Открыв на рассвете дверь к себе в комнату, он застал ужасную картину: своего брата, плачущего над окровавленным телом их дяди Уильяма.
- Это случайно, Келл, клянусь… Я не хотел… О, Боже, это случайно… Я пытался остановить его, когда он полез на меня с кулаками, а потом и…
Не сразу Келлу удалось выяснить у рыдающего брата, что же произошло. Озверевший дядя требовал, чтобы они вернулись в Лондон; он начал яростно трясти Шона, а тот так же яростно сопротивлялся. Когда тот воспламенился до того, что возобновил свои прямые посягательства, Шон в отчаянии схватил подвернувшуюся под руку рапиру Келла и заколол его ударом в грудь.
Келл не мог осудить за это своего четырнадцатилетнего брата - наверное, он сам поступил бы так же, если бы стал свидетелем происходившего. Действия мальчика были естественной самообороной, так он считал.
Поэтому без особых угрызений совести он решил скрыть то, что произошло. Для этого нужно было избавиться от трупа. Что он и сделал: отволок его той же ночью на близлежащую пустынную дорогу, и смерть дяди Уильяма выглядела как обычное убийство с целью ограбления.
Полицейское расследование не оставило в покое братьев, некоторая часть подозрений коснулась Келла - ведь он был известен как любитель фехтования, а смерть стала результатом удара рапирой. Однако прямых улик не было, и дело повисло в воздухе. Остались только слухи, что к убийству мог быть причастен Келл. О младшем брате, естественно, никто не говорил, а Келл и не думал защищать свое имя, переложив вину на Шона. Пускай уж лучше подозревают в убийстве его.
Шон так никогда и не оправился от всего происшедшего - так считал Келл, и это заставляло его еще больше заботиться о брате. Ну как не пожалеть совсем молодого человека, вынужденного жить с таким неизмеримо тяжким грузом на душе: жертва развратных действий близкого родственника и убийца. От этого не излечат ни братские слова утешения, ни время…

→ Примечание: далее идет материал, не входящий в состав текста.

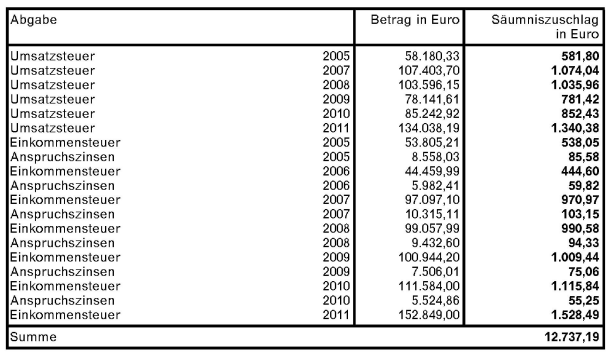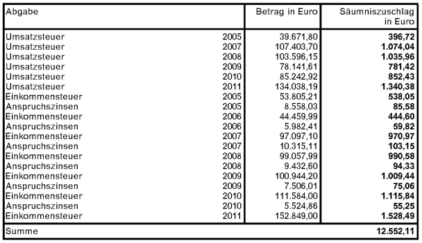 Die in der o.a. Beschwerdevorentscheidung angesprochenen Einkommensteuern 2008, von EUR 7513,36 2009 EUR 17.374,03 2010 EUR 59.819,72 und 2011 EUR 29.706,00 ergeben in Summe EUR 114.413,11.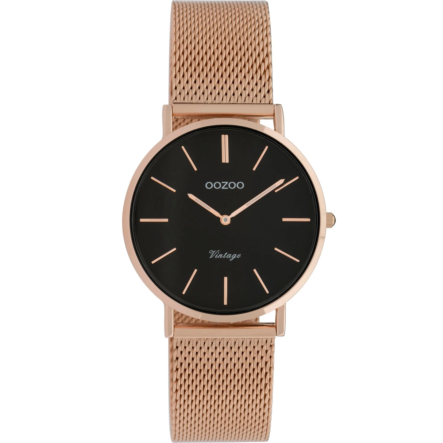 32mm vintage. rose gold case. rose gold on black. rose gold mesh strap. designer timepiece imported from the netherlands. quality quartz mechanism. nickel free stainless steel back. splash resistant. 1 year mechanical warranty.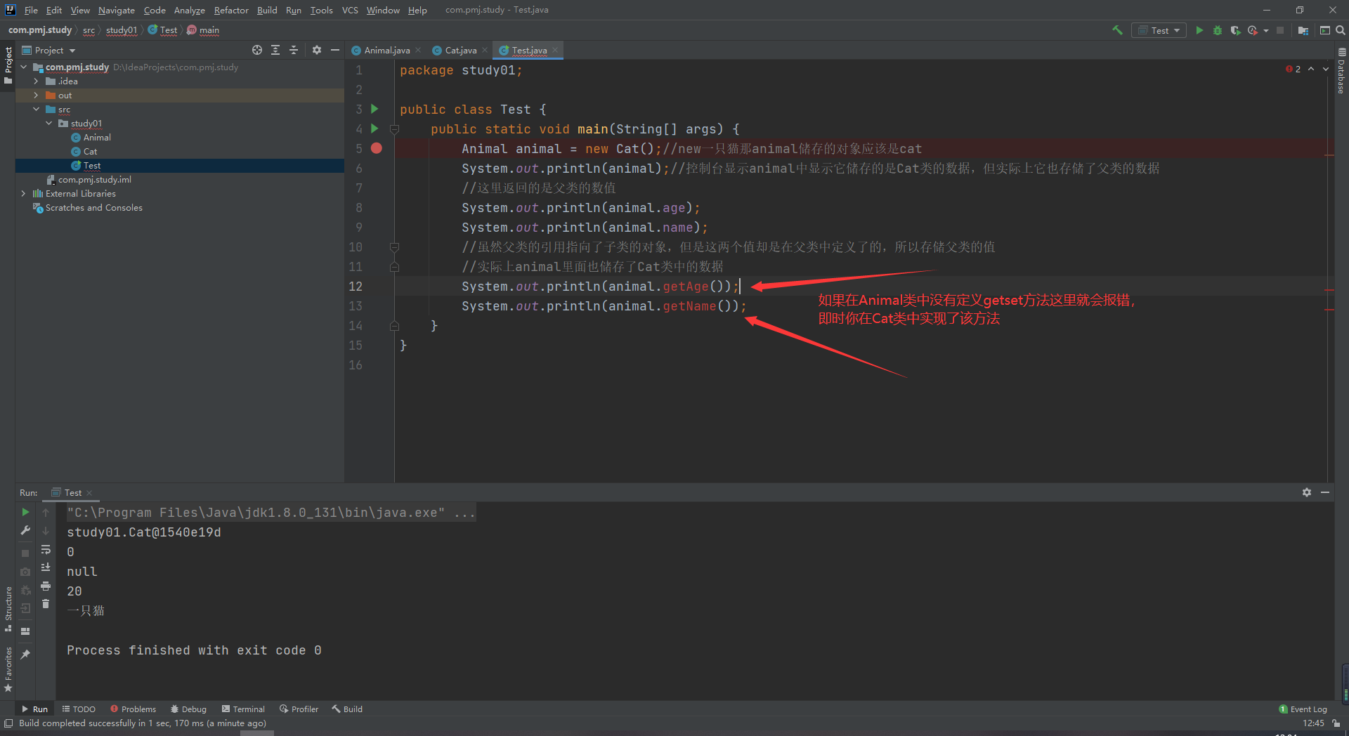 4.当父类中不包含子类的方法时,该对象只能调用父类的方法,无法使用该对象去调用子类的方法。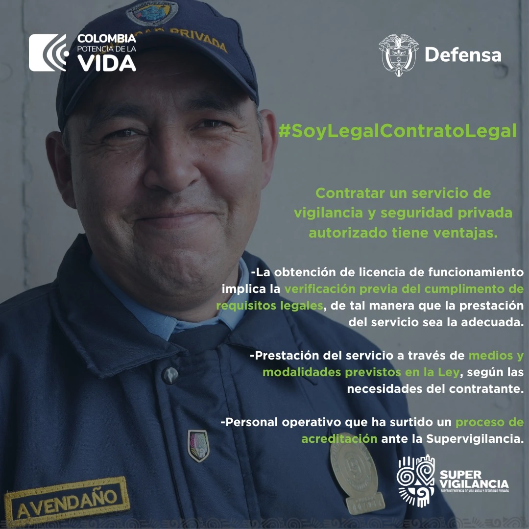 La Superintendencia de Vigilancia y Seguridad Privada invita a todas las personas naturales y jurídicas que realizan procesos de contratación de vigilancia y seguridad privada, tanto para el sector residencial como para el sector comercial, a tener en cuenta toda la reglamentación para acceder a estos servicios de contratación, ya que no solamente están realizando un proceso que cumple con todas las garantías de ley, sino que además, y muy importante, están salvaguardando la integridad de las personas y los bienes que estos servicios tienen a su cargo, puesto que al contratar servicios formalmente establecidos, pueden contar con personas que tienen la idoneidad para ejercer estas actividades y también que están recibiendo una remuneración acorde con lo estipulado por las leyes colombianas.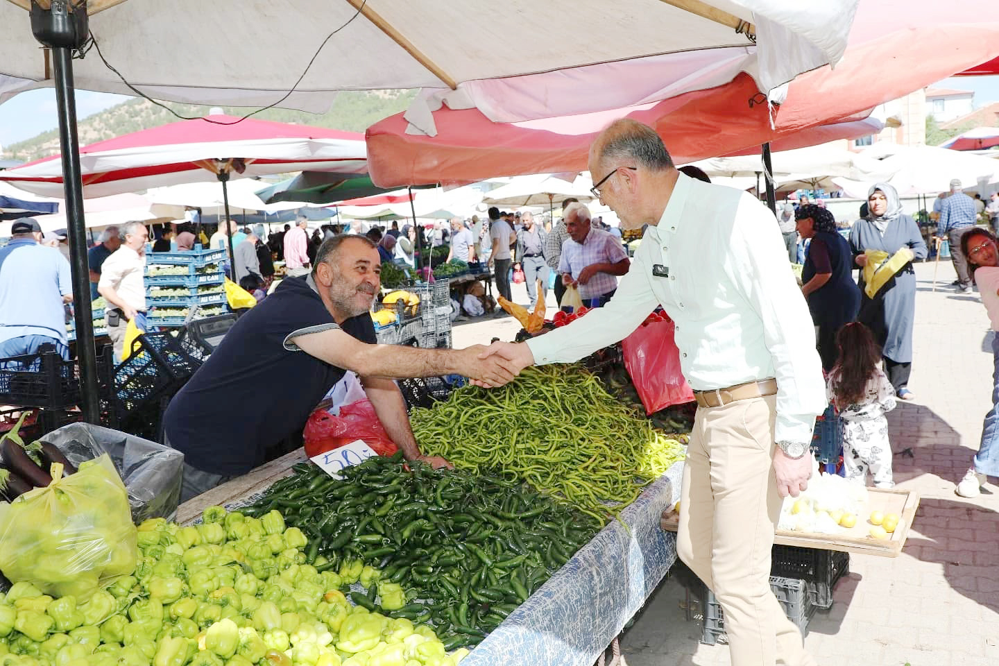 Çekerek Belediye Başkanı Üzeyir İnce, sebze pazarını ziyaret ederek esnaf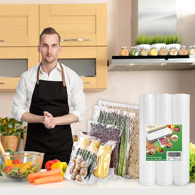 - 【PSKANG VACUUM SEAL BAGS FOR FOOD】- Pskang upgrade BPA free vacuum sealer bags rolls are made with top raw materials. Heavy duty puncture proof and unique embossed design of this vacuum sealer bags keep food fresh without freezing burn or dehydration. Experience foods at the peak of freshness and reduce food waste with bags rolls. Add vacuum sealing to your tips of money-saving strategies, like buying in bulk and shopping for ingredients seasonally.

Келл тяжело вздохнул и на мгновение устало прикрыл глаза, остановившись перед дверью в спальню Рейвен. Как бы то ни было, оправдания и прощения поведению Шона по отношению к ней нет и не может быть…
И ему, Келлу, тоже досталось. Нелегко жить, зная, что тебя подозревали и продолжают подозревать в убийстве, которого ты не совершал. А ты не можешь даже попытаться оправдать себя, не вовлекая в это собственного брата, не выдавая его страшную тайну. Две тайны. В случае раскрытия одной из которых дядя был бы по закону приговорен к смертной казни…
Из-под двери в комнату Рейвен виднелась полоска света, Келл негромко постучал и вошел, услышав ответ. Она читала, лежа в постели, и, подняв голову от книги, бросила на него недоуменный, почти испуганный взгляд и прижала раскрытую книгу к груди, словно ища в ней защиту.
Келл уже пожалел, что потревожил ее в ночное время, но не ретироваться же теперь, когда он вошел.
- Что-нибудь случилось? - тревожно произнесла она.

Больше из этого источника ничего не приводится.